The Irishman has a history of causing chaos on public transport - Neeson-related incidents are now the second highest cause of delays after leaves on the line. The Commuter could have easily been a direct sequel to director Jaume Collet-Serra's 2014 thriller Non-Stop, and that would have at least excused the use of the exact same plot template: a former cop trapped on a high-speed method of transport forced to dance to the tune of a criminal mastermind and root out an anonymous suspect from the passenger manifest. In The Commuter, we find and replace 'plane' for 'train' and we're away: a murder mystery on rails that has a good line in thrills and spills but one that’s unforgivably unoriginal and not liable to provide you with any surprises.
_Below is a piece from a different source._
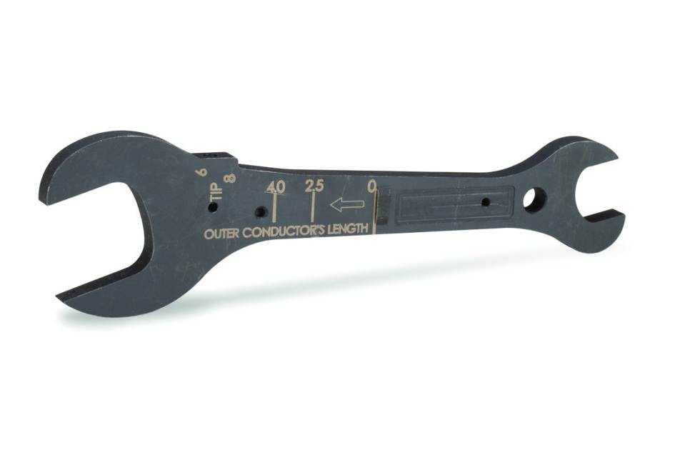Combination Tool (open end wrench for connector body, chamfer tool, file, inner conductor gauge, jacket cut-off gauge) for 1/2 in and 7/8 in coaxial cable

It's Murder On The Obvious Express.

"It's just you putting your bag on the seat means no one else can sit there."


The set-up is slick and the train's geography is well-established thanks to some fancy tracking shots that show us the full layout of the train and its passengers. Collet-Serra wastes no time getting Neeson into trouble, via a wonderfully smarmy turn by Vera Farmiga, and the plotting is tight, uncomplicated and instantly exciting. Unfortunately, what starts off Hitchcock soon devolves into plain old cock in the last act, when the train - and the plot - completely derails. Much like a real commute, what appear to be an innocuous bunch of characters - including Brits Andy Nyman and Shazad Latif aka Clem Fandango - all turn out to be quite irritating company over the course of an hour and a half. Needless to say, a UK version of The Commuter would feature a lot more characters wearing earbuds and 1000% more judgemental tutting.
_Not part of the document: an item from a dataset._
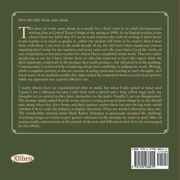 This piece of work came about as a model for a final exam in an adult developmental writing class at Central Texas College in the spring of 1998. As an English teacher, it has always been my belief that if I am to teach students the craft of writing (I don't know if one teaches it so much as guides it...either the student will write or he won't), then I must write with them. I am now in the sixth decade of my life and have taken numerous courses requiring that I write for my teachers, and never once over the years have I read the works of any composition or literature teacher for whom I have completed course work. That was rather perplexing to me for I have always been on who has expected to have the expert show me their legitimate credentials in the product they could produce...the old proof is in the pudding. Consequently, I could not help wondering about their credibility in judging my work. Writing, while a cognitive activity, is also an exercise in acting upon and reacting to one's thoughts. As I knew many of my students would, they approached the assignment form a practical perspective while my approach was a purely effective one. I nearly always have an organizational plan in mind, but when I take pencil in hand (and I guess I am a dinosaur because I still write with a pencil and a long yellow legal pad), my thoughts are in control as they place themselves on the paper. Usually, I am not disappointed. The prompt simply asked that the writer advise a young person of three things he or she should take along when they leave home and their journey carries them out into the big wide world whether it be to a job, the military, or higher education. These are words I offered my dear one. The wonderfully talented artist Mark Ruben Abacajan so graciously accepted the challenge of joining images to words to give greater substance to the message we want to send. May all young people, and everyone in the pursuit of the new and different in their lives, be encouraged by our efforts.

No one is under any grand illusion that high art is the benchmark here; in fact, unusually for this calibre of thriller, everyone seems to be in on the joke. There's a Spartacus riff that plays completely ridiculously, not to mention a number of moments that bend, if not break, the fourth wall, including a train conductor who absolutely isn't tolerating any action movie heroism shit on his shift. But, for every moment that The Commuter displays an iota of self-awareness, there's another scene where cliché is clung to like driftwood. Cheesy one-liners, convenient plot holes, logic farts, red herrings, hugely irrational decisions that no human being would ever make - you know the Liam Neeson thriller drill by now.

'The Central Line is experiencing minor delays'


The biggest laugh of the movie comes at the very end, where an exhausted, near-dead Neeson, having just survived an ordeal that would give mere mortals a lifetime of PTSD, is reunited with his kidnapped wife and child... who greet him with the kind of excitement usually reserved for a family member who has recently returned from the corner shop with milk. I can't remember a scene where the tone of the script was so radically misread. What's a commuter got to do to get some respect around here?
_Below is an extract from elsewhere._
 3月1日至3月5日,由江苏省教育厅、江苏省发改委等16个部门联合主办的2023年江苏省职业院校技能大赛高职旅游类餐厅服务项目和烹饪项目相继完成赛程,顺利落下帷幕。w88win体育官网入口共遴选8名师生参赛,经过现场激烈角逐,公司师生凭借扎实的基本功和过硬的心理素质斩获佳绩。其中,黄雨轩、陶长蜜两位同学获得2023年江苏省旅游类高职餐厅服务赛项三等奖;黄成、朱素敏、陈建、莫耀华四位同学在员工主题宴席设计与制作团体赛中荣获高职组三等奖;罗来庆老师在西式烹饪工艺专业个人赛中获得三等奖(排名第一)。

Let’s be honest, this kind of film really doesn’t have much of a future on the big screen: there's precious little of The Commuter that's cinematic and contains nothing that'd look out of place on Netflix. At 65, Liam Neeson has maybe five action movies left in him, and only has about three methods of public transportation he's yet to try, so my advice to you is to set your expectations low and be thankful that you still have the choice between, say, challenging awards season fare about freedom of the press, and a movie where Liam Neeson beats a man to death with a guitar. Allow yourself to be Taken 4: A Ride.